This summer I’ve become halfway-decent on the mountain bike. Good saddle time, good riding buddies and pushing myself (and a new bike…) have led to getting stronger, faster and a tiny bit more confident. I’ve come to enjoy the climbs, I can hang with most people on the way up and have even picked up a couple of top 10’s on Strava segments.
Alas, I have a weakness (at least one): tight and/or technical cornering. I’m awful. I mean really quite terrible. Put-a-foot-down-and-push-through-the-turn terrible. Before I started mountain biking last year I spent almost 10 years on a road bike, and cornering on a road bike and on a mountain bike couldn’t be more different. So I’ve carried lazy road biking habits into my mountain biking and it has resulted in sloppy technique.
The thing is, I know what I need to do to corner well on the mountain bike. Drop my outside foot, look through the turn, point my hips through the turn, get off the saddle, lean the bike over but keep my center of gravity over the wheels. Easy enough! The hard part is taking that knowledge and putting it into practice. Sometimes I just plain forget. Other times I get lazy. Most of the time I just simply don’t trust what I know to be true. It’s not an easy thing to put theory into practice, on the bike or off.
Handling our investment portfolios, most of us know what we need to do. Rebalance. Stick to your long term plan. Don’t panic. Don’t get greedy. Don’t be afraid of today’s international crisis. Don’t be disappointed that you missed out on today’s absurd 300%+ move in a hot biotech stock. Don’t be susceptible from the “next big thing” pitch from your neighborhood broker or the promise of riskless returns from that insurance agent.

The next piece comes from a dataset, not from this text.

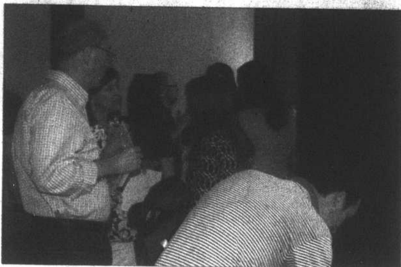
Citizens attending the Progress Edenton meeting held at the 1767 Chowan Courthouse on April 19 talk and sign in while waiting for the program to get started.

We know all of that. But can we put it into practice? In 2013 were you selling small cap US stocks and buying intermediate muni’s and emerging markets? In early 2009 were you selling off US Treasuries and buying stocks of all stripes? From 1995-2000 did you hold on to your small caps, your value stocks, your REITs and your bonds while your golfing buddy bragged about his 25% annual returns?
Knowing is easy. Doing requires commitment. It requires rationality. Doing requires the belief that it’s not really different this time, that it’s not a new world order. Sometime in the next 10 years we will get a market cycle that forces all of us to put our theoretical knowledge into practice. Are you confident that you’ll do what you know?